House - indeterminate date, Dromgower, Co. Kerry
Co. Kerry |
House
At a site in Dromgower, County Kerry, known as Lisderg or Lios Dearg, meaning "red ringfort", the remains of not one but four stone house-sites sit within a single enclosure, offering an unusually crowded domestic picture for what is typically read as a single-family or single-household type of monument.
A ringfort, to use the general term, is a roughly circular enclosure defined by one or more earthen or stone banks, widespread across early medieval Ireland and most commonly associated with farmsteads. What makes Lisderg worth a second look is the density of structures within its interior, and the variety of their forms.

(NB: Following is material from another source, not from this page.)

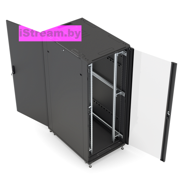 Преимущества ТXQ-2266-GS-RAL9005 Шкаф напольный 19″, 22U, 1166x600х600мм, двери передняя стеклянная, задняя металлическая, черный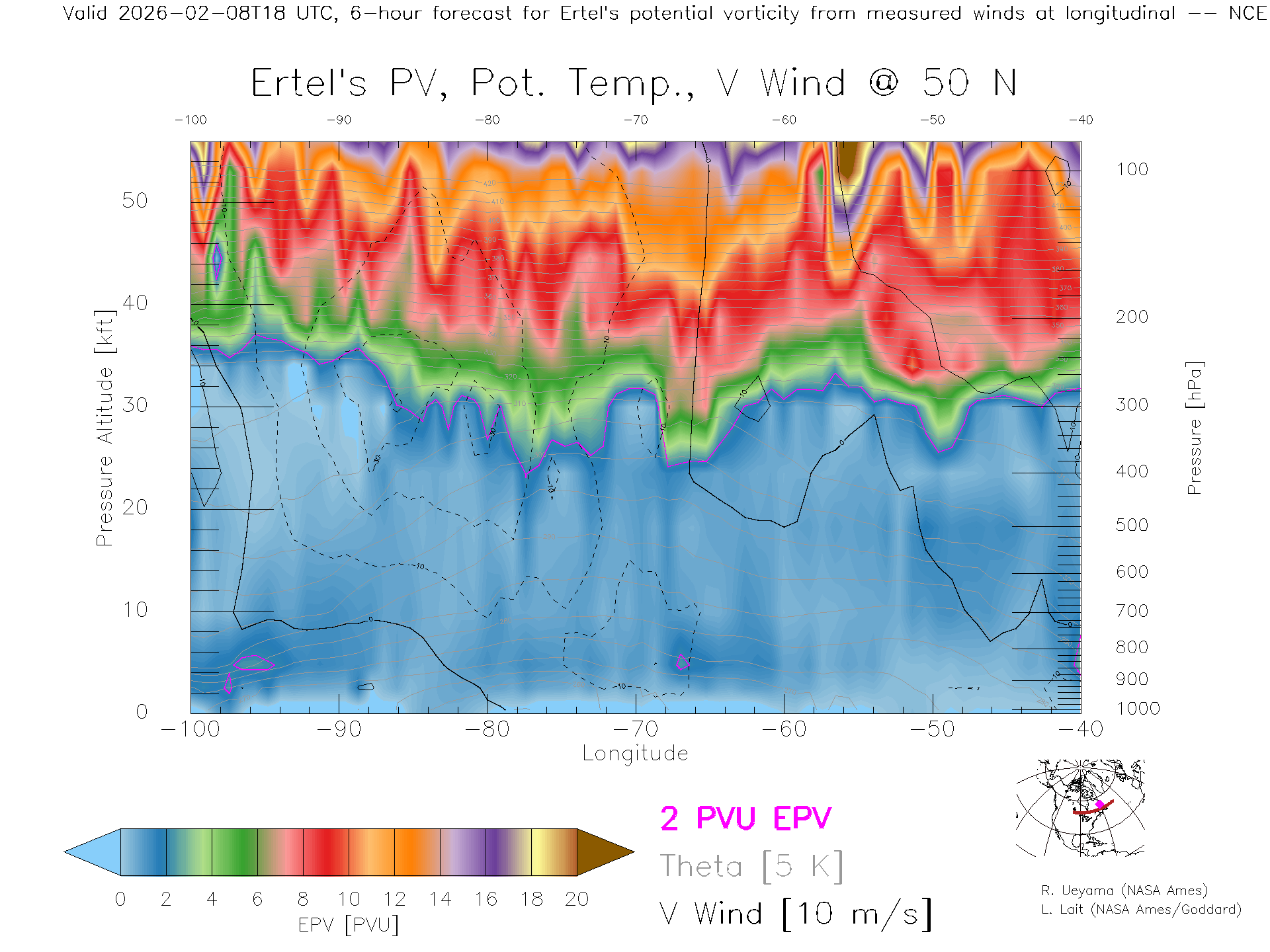 NCEP GFS Forecast PV X-Section (50 N)

The enclosure itself is defined by an earthen bank 5.5 metres wide, rising 1.6 metres on its outer face and about 0.9 metres above the interior floor, which sits at roughly the same level as the surrounding land. Within that circuit, the four house-sites present a range of shapes and scales. The largest, positioned to the south-east, is sub-rectangular and measures approximately 8 metres by 7.4 metres externally, with walls around a metre thick. To the west, a sub-semi-circular enclosure curves inward against the bank, and a short distance to its north sits a small rectangular structure, roughly 4.2 metres by 3.5 metres externally, with walls 0.6 metres thick. Loose stones elsewhere in the interior suggest further features that have not fully survived. The site sits south-east of St Mary's Roman Catholic Church and commands good views in all directions, a positioning that was rarely accidental in the landscape choices of early settlement. The description of these structures was recorded by C. Toal in the North Kerry Archaeological Survey, published in 1995.